As forças russas derrubaram todos os ATACMS e três dos quatro Storm Shadow, e a Rússia responderá aos ataques, segundo o ministério.
O comunicado da Defesa russa sobre o ataque ucraniano ocorreu no mesmo dia em que o presidente Vladimir Putin fez uma coletiva de imprensa anual em que atualizou os cidadãos sobre questões do país, como a guerra na Ucrânia, respondeu perguntas e renovou ameaças ao Ocidente, com direito a um desafio aos EUA para um “duelo” de mísseis. (Leia mais abaixo)
A Ucrânia começou a disparar esses mísseis ocidentais contra o território russo no mês passado, após obter permissão dos Estados Unidos e do Reino Unido —algo que Moscou afirma tornar esses países partes diretas no conflito.
Em resposta, a Rússia lançou um novo míssil hipersônico chamado Oreshnik contra a cidade ucraniana de Dnipro, em 21 de novembro, o que surpreendeu o mundo porque até o momento do ataque não se sabia do desenvolvimento do armamento.

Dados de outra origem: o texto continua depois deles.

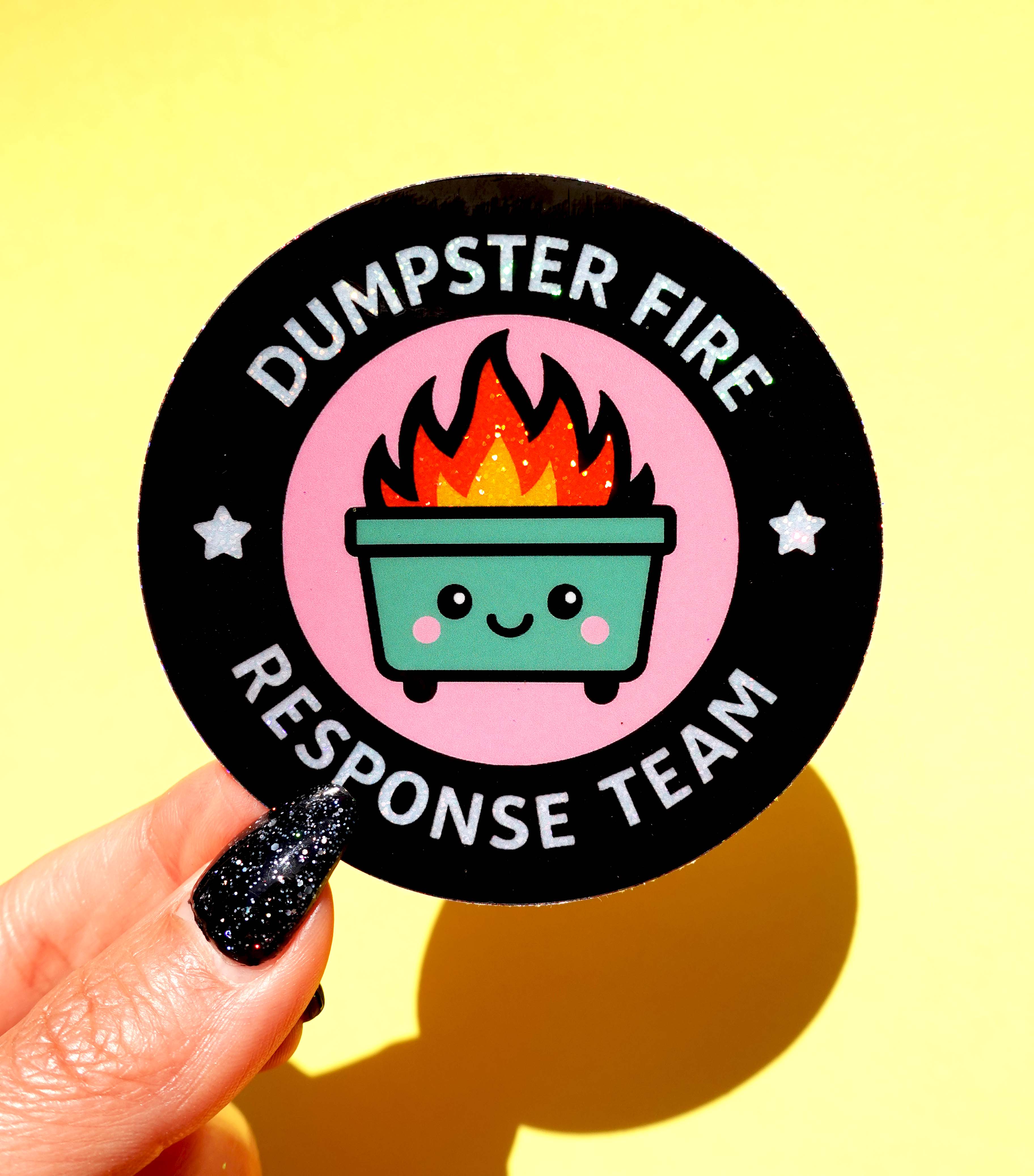 This vinyl sticker features the internet’s favorite mascot of chaos , the dumpster fire , reimagined in kawaii style with rosy cheeks, rainbow sparkles, and the official title: Dumpster Fire Response Team. It’s cute, it’s chaotic, and it’s the badge of honor you didn’t know you needed.

O presidente Vladimir Putin afirmou que a Rússia está pronta para disparar mais mísseis Oreshnik, inclusive contra “centros de tomada de decisão” em Kiev, se a Ucrânia continuar usando armas dos EUA e do Reino Unido para atingir a Rússia.

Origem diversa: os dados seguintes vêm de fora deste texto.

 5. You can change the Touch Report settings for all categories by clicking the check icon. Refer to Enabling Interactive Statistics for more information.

Putin tem promovido seu novo míssil como uma arma invencível. Nesta quinta-feira, ele sugeriu a ideia de um “duelo de alta tecnologia”, no qual a Rússia dispararia Oreshniks contra defesas aéreas de Kiev, em que a Ucrânia tentaria que os interceptar com sistemas de defesa antimísseis fornecidos pelo Ocidente.
Em resposta, o presidente da Ucrânia, Volodymyr Zelensky, declarou em uma coletiva de imprensa nesta quinta: “Vocês acham que ele é uma pessoa sã?”
Zelensky também disse que o país precisa de mais garantias de segurança da Europa e dos EUA para deter Putin.